As a result of this issue, the kernel fails to decompress LZ4-compressed
initramfs with following message showing up in the logs:
initramfs unpacking failed: Decoding failed
Note that in most cases the affected system is still able to proceed with the
boot process to completion.
LONG STORY:
Background.
Not so long ago we've noticed that some of our Ubuntu 20.04 x86_64 test systems
often fail to boot newly generated initramfs image. After extensive
investigation we determined that a failure required the following combination
for our 5.4.66-rt38 kernel with some additional custom patches:
Real x86_64 hardware or QEMU
UEFI boot
Ubunutu 20.04 (or 20.04.1) x86_64
CONFIG_BLK_DEV_RAM=y in .config
COMPRESS=lz4 in initramfs.conf
Freshly compiled and installed kernel
Freshly generated and installed initramfs image
In our testing, such a combination would often produce a non-bootable system. It
is important to note that [un]bootability of the system was later tracked down
to particular instances of initramfs images, and would follow them if they were
to be switched around/transferred to other systems. What is even more important
is that consecutive re-generations of initramfs images from the same source and
binary materials would yield about 75% of "bad" images. Further, once the image
is identified as "bad",it always stays "bad"; once one is "good" it always stays
"good". Reverting CONFIG_BLK_DEV_RAM to "m" (default in Ubuntu), or changing
COMPRESS to "gzip" yields a 100% bootable system. Decompressing "bad" initramfs
image with "unmkinitramfs" yields *exactly* the same set of binaries, as
verified by matching MD5 sums to those from "good" image.
Speculation.
Based on general observations, it appears that Ubuntu's userland toolchain
cannot consistently generate exactly the same compressed initramfs image, likely
due to some variations in timestamps between the runs. This causes variations in
compressed lz4 data stream. Further, either initramfs tools or lz4 libraries
appear to pad compressed lz4 output to closest 4-byte boundary. lz4 v1.9.2 that
ships with Ubuntu 20.04 appears to be able to handle such padding just fine,
while lz4 (supposedly v1.8.3) within Linux kernel cannot.

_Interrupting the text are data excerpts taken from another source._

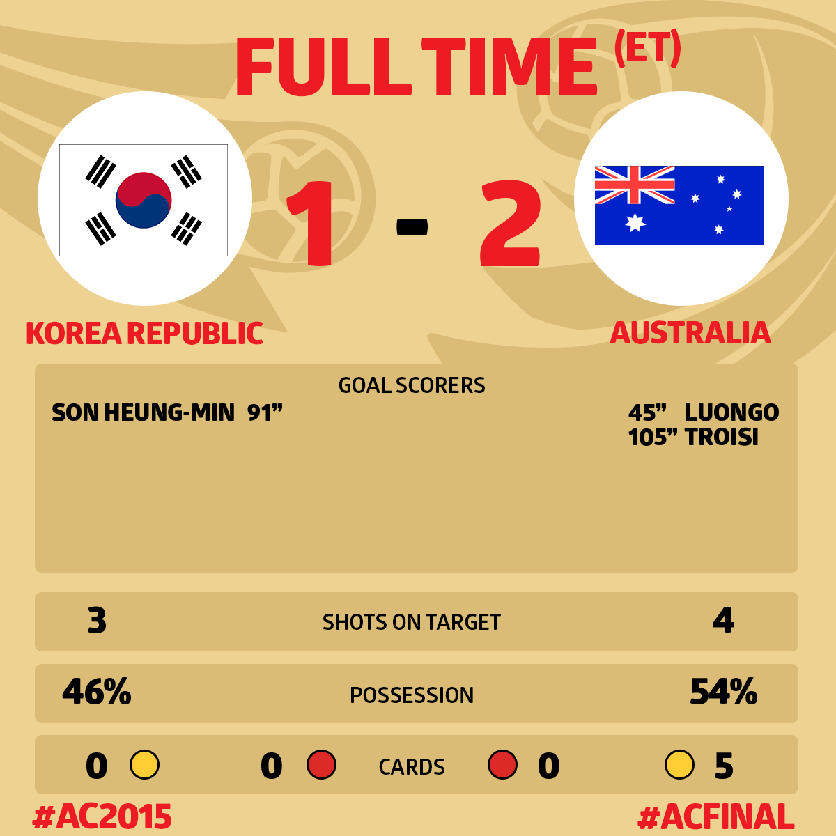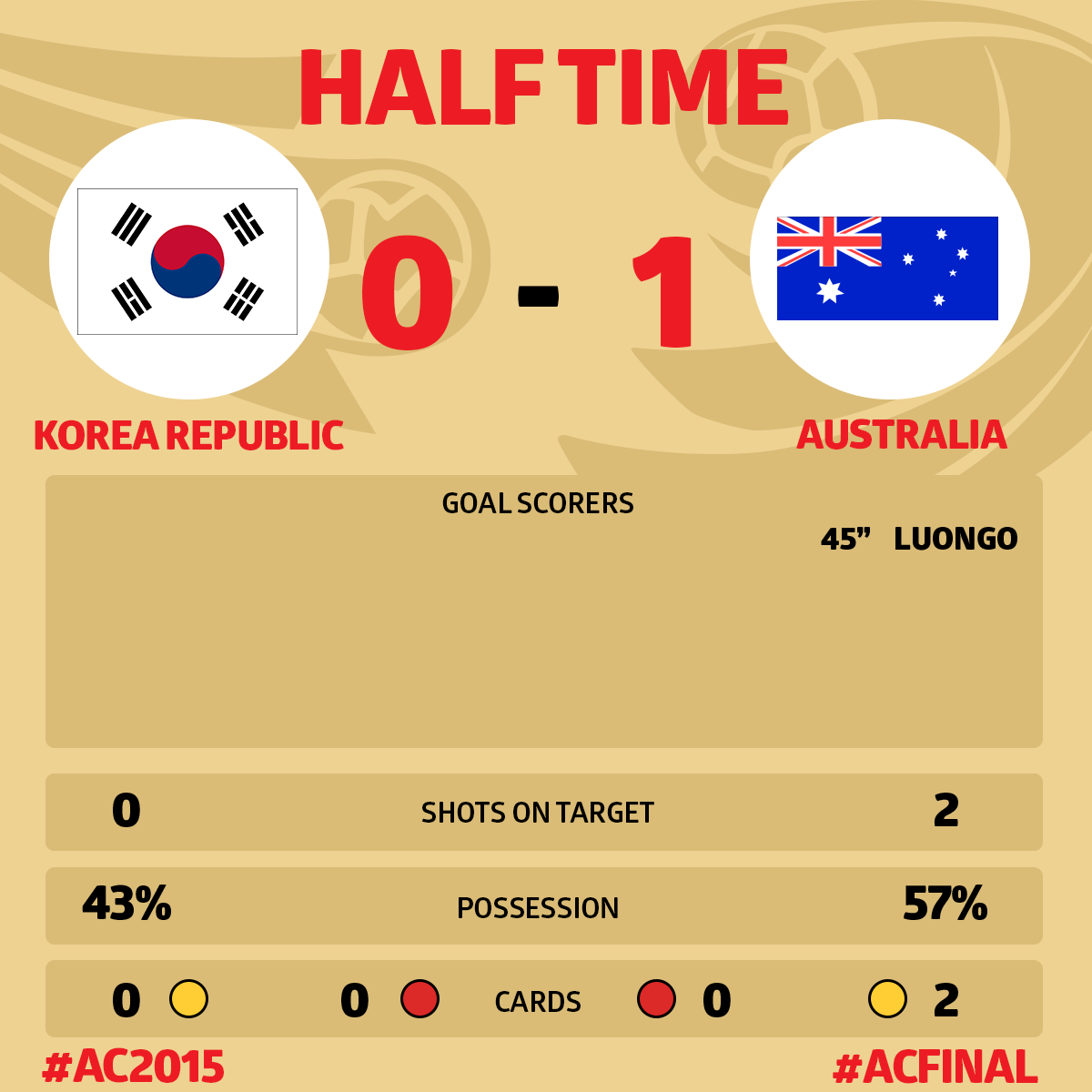 | AAA : (31/01/2015 12:49) Кубок Азии 2015 : финал + матч за 3 место | 1:1
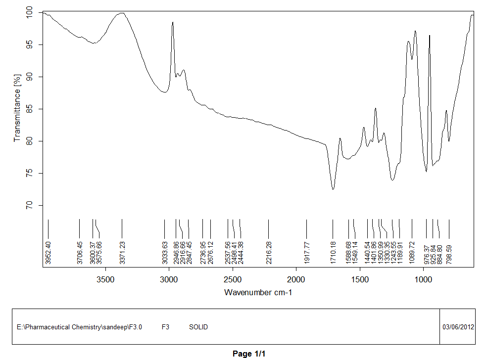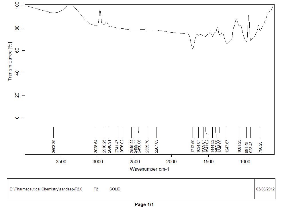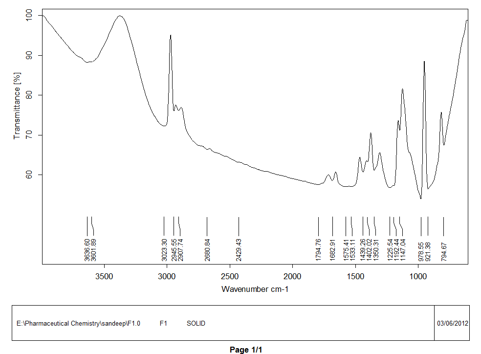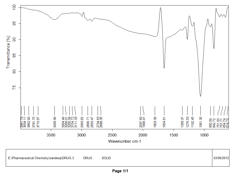 The pure drug and optimized formulations were subjected for FTIR analysis. The samples were scanned over a range of 4000-400 cm-1 using Fourier transformer infrared spectrophotometer. Spectra’s were analyzed for drug polymer interactions.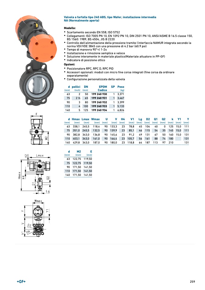 Valvola a farfalla tipo 240 ABS, tipo Wafer, installazione intermedia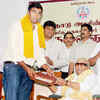 Indian cricketers MS Dhoni, Suresh Raina and R Ashwin at a felicitation function in Chennai. (PTI/R Senthil Kumar)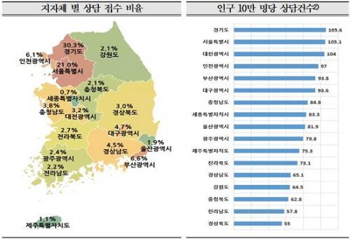 ¡à ¡®°æ±âµµ¡¯°¡ 14,329°Ç(30.3%)À¸·Î °¡Àå ¸¹¾Ò°í, ÀÌ¾î¼ ¡®¼¿ïƯº°½Ã¡¯°¡ 9,931°Ç(21.0%), ¡®ºÎ»ê±¤¿ª½Ã¡¯ 3,118°Ç(6.6%), ¡®ÀÎõ±¤¿ª½Ã¡¯ 2,871°Ç(6.1%), ¡®´ë±¸±¤¿ª½Ã¡¯ 2,217°Ç(4.7%) ¼øÀ¸·Î, Àα¸ 10¸¸ ¸í ´ç »ó´ã°Ç¼ö¸¦ »ìÆìº¸¸é ¡®°æ±âµµ¡¯°¡ 105.6°ÇÀ¸·Î °¡Àå ¸¹¾Ò°í, ¡®¼¿ïƯº°½Ã¡® 105.1°Ç, ¡®´ëÀü±¤¿ª½Ã¡® 104°Ç, ¡®ÀÎõ±¤¿ª½Ã¡® 97°Ç ¼øÀ̸ç, Àü¿ù ´ëºñ ¡®°æ»ó³²µµ¡¯(4.3%), ¡®´ë±¸±¤¿ª½Ã¡¯(1.6%), ¡®¿ï»ê±¤¿ª½Ã¡¯(1.5%)´Â Áõ°¡ÇßÀ¸¸ç, ¡®ÀÎõ±¤¿ª½Ã¡¯(-12.8%), ¡®Àü¶óºÏµµ¡¯(-10.9%) ¼øÀ¸·Î °¨¼ÒÀ²ÀÌ ³ô¾Ò°í, Àü³â µ¿¿ù ´ëºñ ¡®Àü¶óºÏµµ¡¯(-19.2%), ¡®¼¿ïƯº°½Ã¡¯(-14.8%), ¡®¿ï»ê±¤¿ª½Ã¡¯ (-14.7%), ¡®°æ»ó³²µµ¡¯(-12.9%), ¡®ºÎ»ê±¤¿ª½Ã¡¯(-11.6%) ¼øÀ¸·Î °¨¼ÒÀ²ÀÌ ³ô¾Ò´Ù.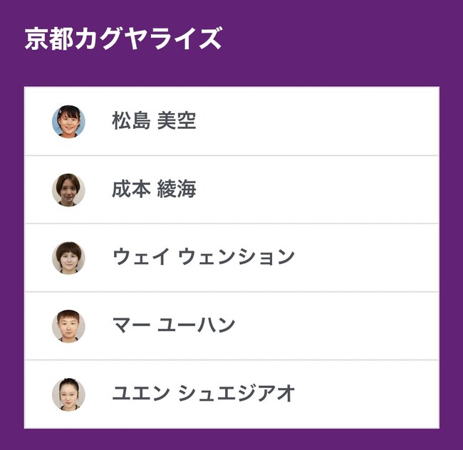 トップおとめピンポンズ名古屋vs 京都カグヤライズ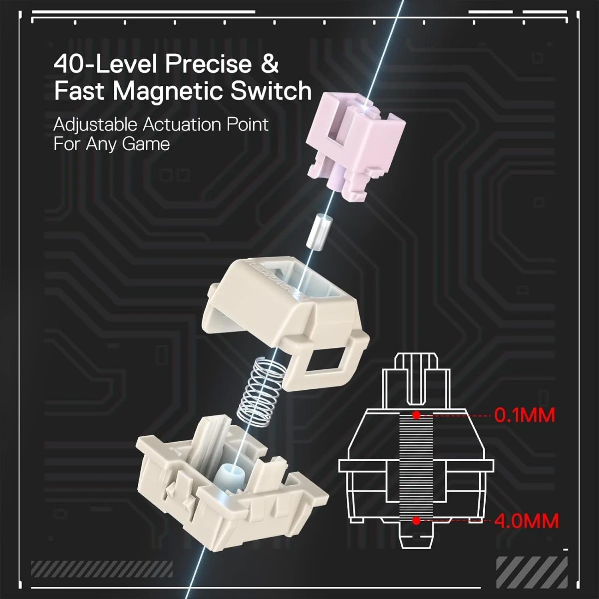 • Precision Rapid Trigger: Adjustable actuation from 0.1mm–4.0mm allows ultra-fast key press/release.

Several reports of somewhat similar behavior had been recently circulation
through different bug tracking systems and discussion forums [1-4].
I also suspect only that systems which can mount permanent root directly (or
with help of modules contained in first, supposedly uncompressed, part of
initramfs, or the ones with statically linked modules) can actually complete the
boot when LZ4 decompression fails. This would certainly explain why most of
Ubuntu systems still manage to boot even after failing to decompress the image.
The facts.
Regardless of whether Ubuntu 20.04 toolchain produces a valid lz4-compressed
initramfs image or not, current version of unlz4() function in kernel has two
code paths which had been observed attempting to read beyond the buffer end when
presented with one of the "padded"/"bad" initramfs images generated by stock
Ubuntu 20.04 toolchain. Some configurations of some 5.4 kernels are known to
fail to boot in such cases. This behavior also becomes evident on vanilla
5.10.0-rc3 and 5.10.0-rc4 kernels with addition of two logging statements for
corresponding edge cases, even though it does not prevent system from booting in
most generic configurations.
Further investigation is likely warranted to confirm whether userland toolchain
contains any bugs and/or whether any of these cases constitute violation of LZ4
and/or initramfs specification.
References
[1] https://bugs.launchpad.net/ubuntu/+source/linux/+bug/1835660
[2] https://github.com/linuxmint/mint20-beta/issues/90
[3] https://askubuntu.com/questions/1245458/getting-the-message-0-283078-initra…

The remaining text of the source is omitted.